Violent and mean words may make you feel bad. Words can hurt.

Saying hurtful things is a way of bullying, scaring or putting someone down. So is yelling, screaming or threatening to hurt someone or do something mean to someone or to someone’s possessions or pets. These are ways that a person can abuse someone else – it’s called “emotional abuse”.

Emotional abuse can also be actions that are hurtful. It’s emotional abuse to:

  • stop someone from seeing or talking to friends or family without a good reason
  • make someone stay home all the time (this is different from being grounded for a few days)
  • ignore someone or pretend they are not there for days
  • destroying someone’s things or hurting their pets.

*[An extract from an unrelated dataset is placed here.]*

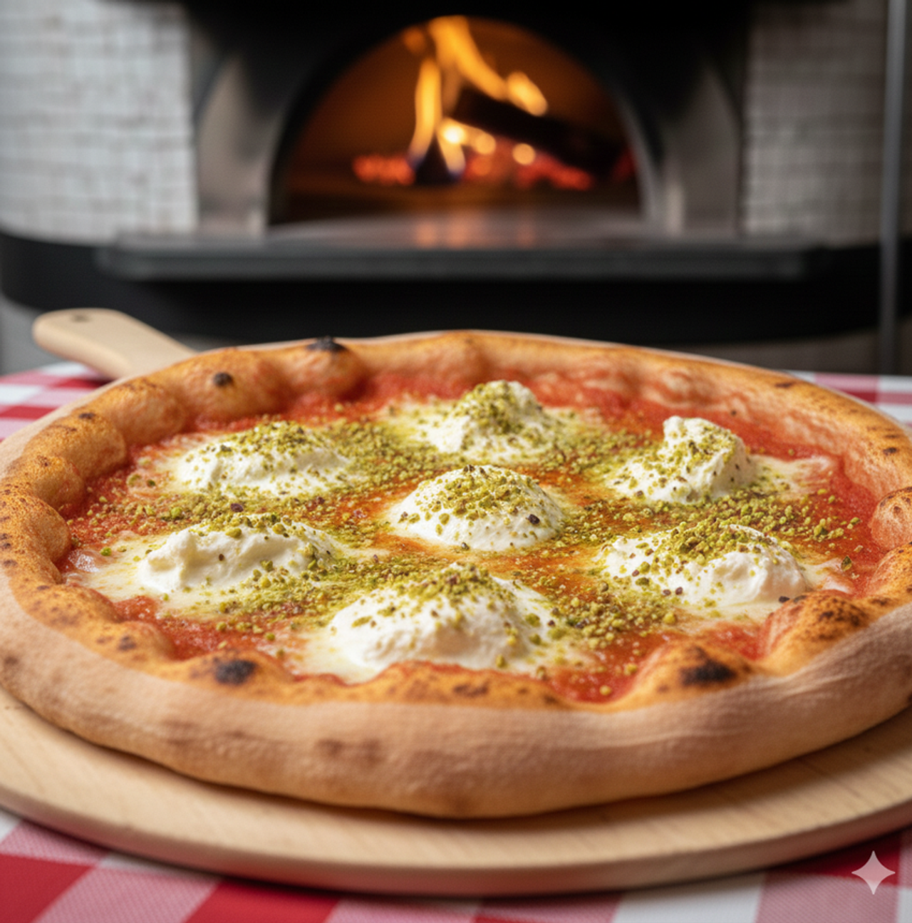 Fior di latte, mortadella, pistacchio, stracciatella, aceto balsamico, olio EVO

Emotional abuse is being mean without hitting. Words and the way someone says them can make you feel sad, angry, embarrassed, anxious, scared, helpless, alone. Emotional abuse is not a one-time thing. It can happen over and over. It continues even after you tell the person the words are hurting your feelings and ask them to stop.

Emotional abuse by a family member is family violence. Some forms of emotional abuse are crimes in Canada, such as threatening to harm or kill someone, and stalking somebody (following, telephoning, e-mailing, giving someone unwanted gifts or spying on a person in a way that scares that person).